[Ap0C552]

I am working on proofs for big o. Like proving f(n) is in bog-o g(n).

I am just wondering if there is anyone who is capable at this, would they be gracious enough to just take a peek at my work and let me know if I am doing anything that makes sense.

Here is one I just did.

f(n)=nlogn+n+logn
g(n)=nlogn

Proving that f(n) is in g(n) by showing there is a value M > 0, and a value K > 0 such that for every value of n>K f(n)<=M(g(n)).

Let K= 1 let M=3

1. n>K
2. n>1
3. nlogn>logn
4. nlogn>n
5. nlogn+nlogn+nlogn>nlogn+n+logn (from 3,4)
6. 3(nlogn)>nlogn+n+logn

Does this make sense?

This post has been edited by Ap0C552: 02 October 2011 - 05:15 PM

[elgose]

That makes sense (and is the usual process to solve these problems) except for your choices for k and M. If M=3, then k>=4. You can always use a calculator to check your logic:

f(x) = xlogx+x+logx
g(x) = 3xlogx

f(1) = 1, f(2) = 2.90, f(3) = 4.90, f(4) = 7.01, f(5) = 9.19
g(1) = 0, g(2) = 1.80, g(3) = 4.29, g(4) = 7.22, g(5) = 10.48

Note: If you're using log base-2, which depending on if this is for a CS class rather than a math class may be the case, then k>=2 would be fine.

This post has been edited by elgose: 02 October 2011 - 06:43 PM

[blackcompe]

Let f(n) = nlogn + n + logn
Let g(n) = nlogn

Show that f(n) is Big-Oh g(n), that is f(n) <= Cg(n) for all n > n₀.

So you think that C = 3 and n₀ = 1, makes this statement true for n > n₀. Let n = 2.

f(2) = 2(log2(2)) +2 + log2(2) = 5
Cg(2) = 6(log2(2)) = 6

So, f(2) < Cg(2).

Let n = 10.

f(10) = 10(log2(10)) + 10 + log2(10) = 46.54

Cg(10) = 30(log2(10)) = 99.66

And, f(10) < Cg(10).

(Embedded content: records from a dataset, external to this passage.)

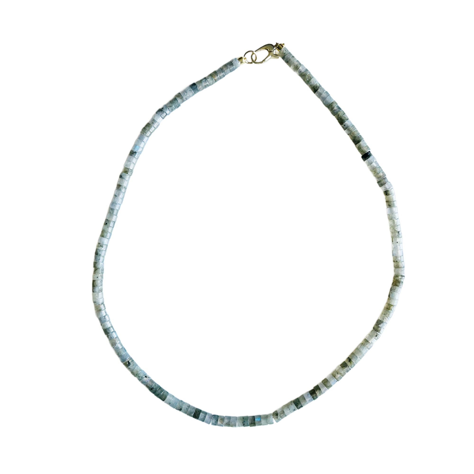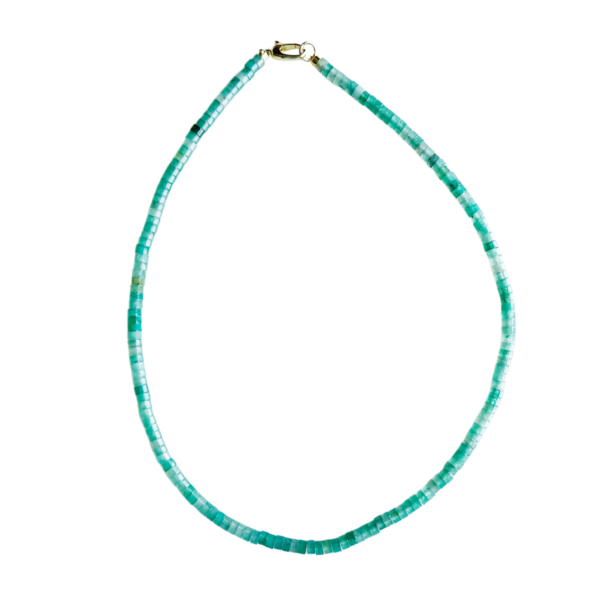 These necklaces are made with Gemstone Heishi beads in Charleston, South Carolina! Each one is made with 18kt gold plated hardware and is 16 inches long. These are perfect for layering, or add a charm to the center for a custom look.
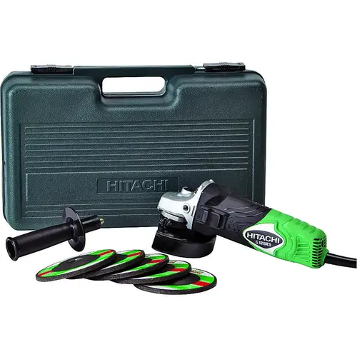 The 4-1/2 in angle grinder (G12SR4) offers a smaller grip diameter which contributes to easier control and less fatigue with continuous use, increased performance with a higher power input of 6.2 A and higher overload durability. The powerful 6.2 A motor on this grinder delivers great performance on tough jobs. The new motor design creates better cooling efficiency and ensures high motor durability. The grinder also has a spindle lock for easy wheel changes and includes five angle grinding discs. This angle grinder is ready to work out of the box.
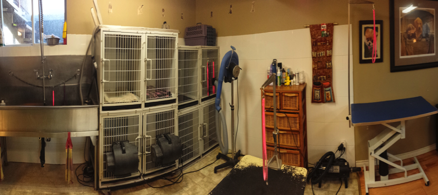 Our salon is an open environment. When you walk in all is visible, no back rooms, and all equipment and crates are in full view. We work one-on-one with your Pet. Pets can be free to roam our facility and lie on our comfy beds or crates are available along with comfy blankets for their stay.
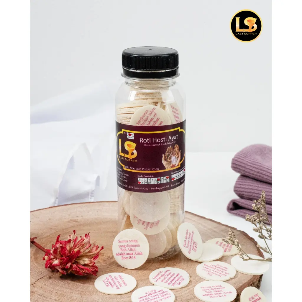 Hosti Ayat Last Supper (Botol isi 100 pcs) merupakan pilihan tepat untuk kebutuhan dalam menjalankan ibadah. Hosti ini hadir dalam bentuk bulat dengan diameter 3cm, sehingga mudah dikonsumsi dan dibagikan. Setiap kemasan berisi 100 pcs Hosti yang dikemas dalam cup, memastikan kualitas dan kebersihan tetap terjaga.
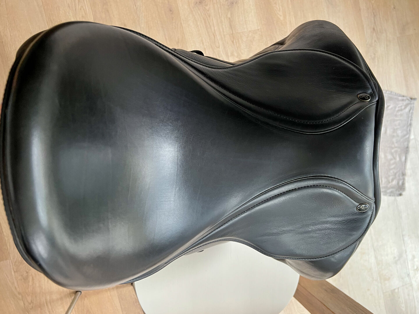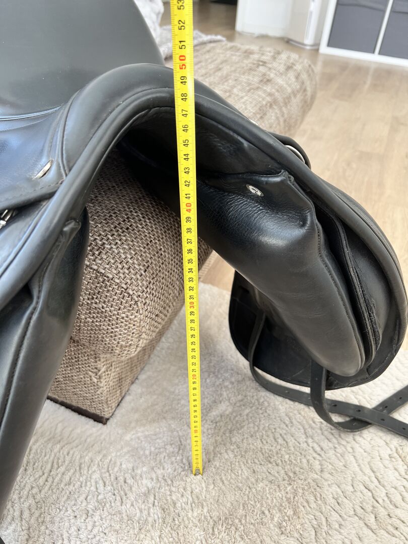 Het zadel lag op een korte, compacte Holsteiner, maar is in principe aanpasbaar aan veel verschillende paardenruggen (koud). Ik heb zelf erg lange benen en heb me altijd erg op mijn gemak gevoeld in het zadel. Het is superzacht en gewoon comfortabel. Ik heb het zadel in 2020 tweedehands gekocht en het heeft al de geoptimaliseerde zadelboom. Het werd nooit als enig zadel gebruikt, dus er was geen dagelijks gebruik. De oorspronkelijke prijs was 2400€. Het leer is van zeer hoge kwaliteit en vertoont uiteraard minimale gebruikssporen (lichte slijtage van de stijgbeugelriemen). Het zadel is altijd goed onderhouden en droog gehouden.
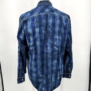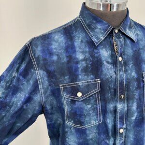 Y2K Age of Wisdom 100% Cotton Ice Dyed Pearl Snap Front Shirt Blues XXL
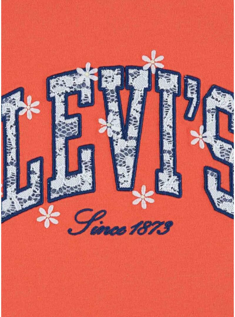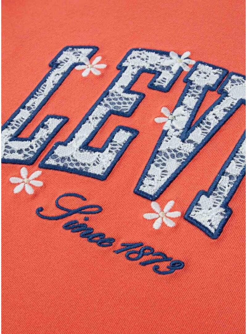 Maglietta Levis. Modello Chambray Applique. Colore arancione. Colletto rotondo a coste. Manica corta. Decorazione ricamata con applicazione all'uncinetto.

Let n = 1000000000.

f(1000000000) = 1000000000(log2(1000000000)) +1000000000 + log2(1000000000) = 3.09 × 10¹⁰

Cg(1000000000) = 3000000000(log2(1000000000)) = 8.97 × 10¹⁰

So, yes, C = 3 and n₀ = 1 make that statement true.

[Ap0C552]

Thanks so much!! Really appreciative for that help.

I might be back here soon as I continue to educate myself (the prof and text suck lol!)